In 2017 some 200 girls are currently receiving a secondary education that without your support they would not.
We want to give girls access to a secondary education and the chance to fulfil their potential in an environment that promotes academic study and social understanding. We can't change the world overnight. But by making a difference to the lives of these girls now, we will change many more in the future.
We need your support to continue running these two houses and to progress our plans to build more. To learn more about the project, please visit our website.
All supplies are purchased locally as much as possible and all staff are from the local region including the management, in fact 80% of our staff are within 2Km. As much as possible of the accommodation purchases are from the local area this includes both consumables for the running of the establishment and the materials and labour used in the construction process. We have also sponsored a "Tourist Code of good practise"
Respect local traditions, protect local cultures and maintain local pride
• When taking photographs, respect privacy - ask permission and use restraint.
• Respect religious and cultural places - preserve what you have come to see, never touch or remove religious objects.
• Giving to children encourages begging. A donation to a project, health centre or school is a more constructive way to help.

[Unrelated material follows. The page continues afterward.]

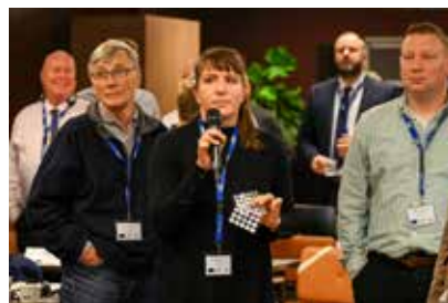
Deelnemers aan het Eurofedop seminar.

• You will be accepted and welcomed if you follow local customs. Use only your right hand for eating and greeting. It is polite to use both hands when giving and receiving gifts.
• Respect for local etiquette earns you respect - loose, lightweight clothes are preferable to revealing shorts, short tops and tight fitting action wear. Hand holding or kissing in public is disliked by local people.
• Visitors who value local traditions encourage local pride and maintain local cultures, please help local people gain a realistic view of life in Western Countries.